Buy a vertical agent product when an off-the-shelf solution covers 80% of your workflow and the last 20% does not genuinely differentiate the business. Build custom when the workflow is part of your operational moat, touches deeply proprietary data, or requires a regulator posture no vendor covers by default. Use a platform (LangGraph, n8n, CrewAI, vendor-specific orchestrators) when the answer is "mostly buy, some custom" — which is the most common answer.

The mistake most buyers make is treating this as a binary. Build-vs-buy is three options, not two, and the right answer is usually a composition — buy the generic capabilities, build the differentiating ones, and choose a platform that lets both live together.

This page gives you a decision framework, the cost and risk trade-offs, and the common failure modes of each path.

When to Buy

Vertical AI agent products have matured significantly — sales development, customer support deflection, legal document review, sales ops automation, procurement. If your workflow is a commodity and your main differentiator is somewhere else in the business, buying is almost always the right answer.

The test is not "can we build it cheaper" (you probably cannot, given vendor scale) — the test is "does owning this capability advance our competitive position". If the answer is no, buy. If the answer is yes, the conversation gets more interesting.

Honest vendor selection matters. Ask what data leaves your estate. Ask how tenant isolation works. Ask for references from customers at your scale and in your sector. Ask what the exit path looks like if the vendor is acquired or goes out of business. A good vendor answers these questions plainly; a bad one deflects.

When to Build

Custom build is the right answer when at least one of three conditions holds. First: the workflow is genuinely differentiating — your claim handling, your pricing engine, your content moderation posture — and off-the-shelf products would homogenise it. Second: the data is deeply proprietary in a way that cannot cross a vendor boundary — patient data under strict clinical governance, high-sensitivity financial data under a specific regulator posture, national-security-relevant data. Third: no vendor covers your sector credibly, which is more common than vendor marketing suggests.

Building is more expensive up front and cheaper long-term if the workflow matters enough to justify ownership. The real cost to watch is ongoing — maintenance, model upgrades, evaluation discipline, governance against evolving regulation. A custom agent is a system you will own for years, not a project that ends.
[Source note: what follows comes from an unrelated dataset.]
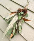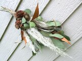 白いパンパスグラスにユーカリの緑、グレビレアゴールドのブラウンを合わせ

The failure mode is building generic capability that a vendor would have provided better. If three competing vendors offer what you were going to build, the buy conversation deserves another look.

The Platform Middle Path

Most enterprises land on a composition — buy the generic capabilities (support deflection, sales development, meeting summarisation) and build the workflows that sit at the core of the operating model. The glue is an agentic platform.

The current landscape ranges from developer-focused frameworks (LangGraph, CrewAI, AutoGen) to low-code orchestrators (n8n, Make, Zapier with agentic features), to cloud-vendor platforms (Vertex AI Agent Builder, Azure AI Foundry, AWS Bedrock Agents), to bespoke enterprise platforms (Salesforce Agentforce, ServiceNow AI Agents, SAP Joule). Each has a different balance of ease, lock-in, and ceiling.

The platform decision deserves its own short engagement — it locks in data-flow patterns, vendor dependencies, and governance architecture for years. Getting it wrong is recoverable; getting it right the first time saves a lot of rework.

A Decision Framework You Can Actually Use

For each candidate workflow, score it against five criteria. The pattern of answers points to build, buy, or platform.

  1. Differentiation: does this workflow make the business visibly better than competitors? If yes → build. If no → buy or platform.
  2. Data sensitivity: can the data cross a vendor boundary under acceptable terms? If no → build. If yes → buy or platform.
  3. Regulatory posture: does your regulator require specific controls that no vendor covers? If yes → build. If no → buy or platform.
  4. Availability: do three or more credible vendors offer this capability? If yes → buy looks safe. If no → build or platform.
  5. Longevity: will this workflow still matter in three years? If no → buy or platform. If yes → factor long-term ownership cost into the build case.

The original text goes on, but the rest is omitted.